先日の高橋亮平コラム『区割法施行で8月の内閣改造直後に解散か?国政での「小池新党」誕生とその影響は?』(https://news.yahoo.co.jp/byline/takahashiryohei/20170720-00073455/)でも、自民党以上に民進党の方がより深刻である事を指摘したところだが、会見において野田元総理は、辞任理由について「求心力を確保できず、党のガバナンス(統治)がうまくいかなかった責任は重い」と語ったとされるが、本当にその責任は野田幹事長にあったのだろうか。
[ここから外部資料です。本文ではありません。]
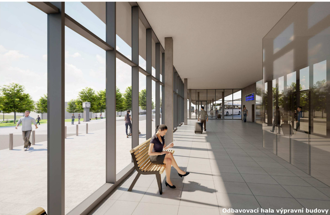
Odbavovací hala výpravní budovy
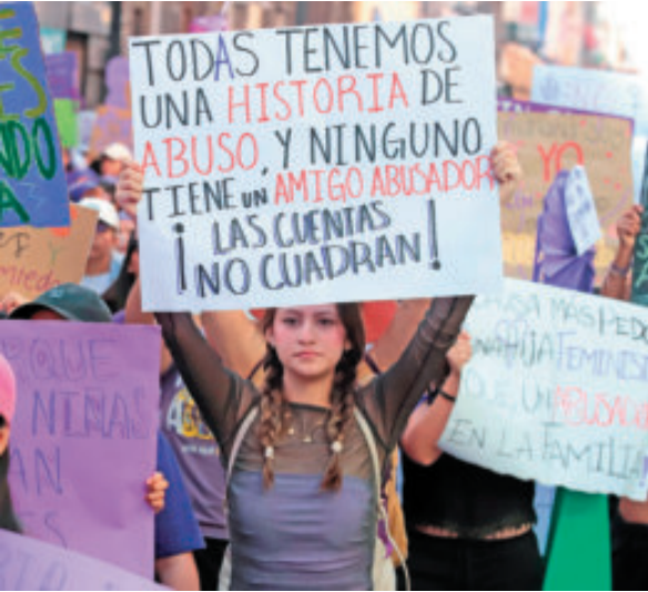
En México hay 4 casos de abuso sexual cada hora.

Violencia física, psicológica o verbal, la participación de varias personas o cuando existe una relación de autoridad agrava los castigos.

民進党が今回擁立した候補者は21人、うち現職は7人だった。出馬辞退して引退した議員が1人いたので、現職の議席としては8人いたことになる。選挙の結果、獲得した議席は5議席。マスコミ報道では、7議席が5議席になった事を受けて等と報じられるが、民進党が比較すべき数字は本当にここなのだろうか。本質的な問題は、もっと別なところにあり、その責任も別の方にあるような気がしてならない。

民進党内では就任当初から野田氏を幹事長にした人事が全ての問題の始まりだと言う声が多いが、私自身はそうは思わない。むしろ野田氏が幹事長だったから蓮舫氏が代表でもここまでもったのではないだろうか。その意味では蓮舫代表体制を長引かせた責任はあるかもしれないが、自らの主張や想いと異なる事も「自分が解散で迷惑をかけた同志と党のため」と本当に泥臭い役回りをこなし続けた姿は、個人的には政治家としてむしろそこは評価をしなければならないのではないかと思う。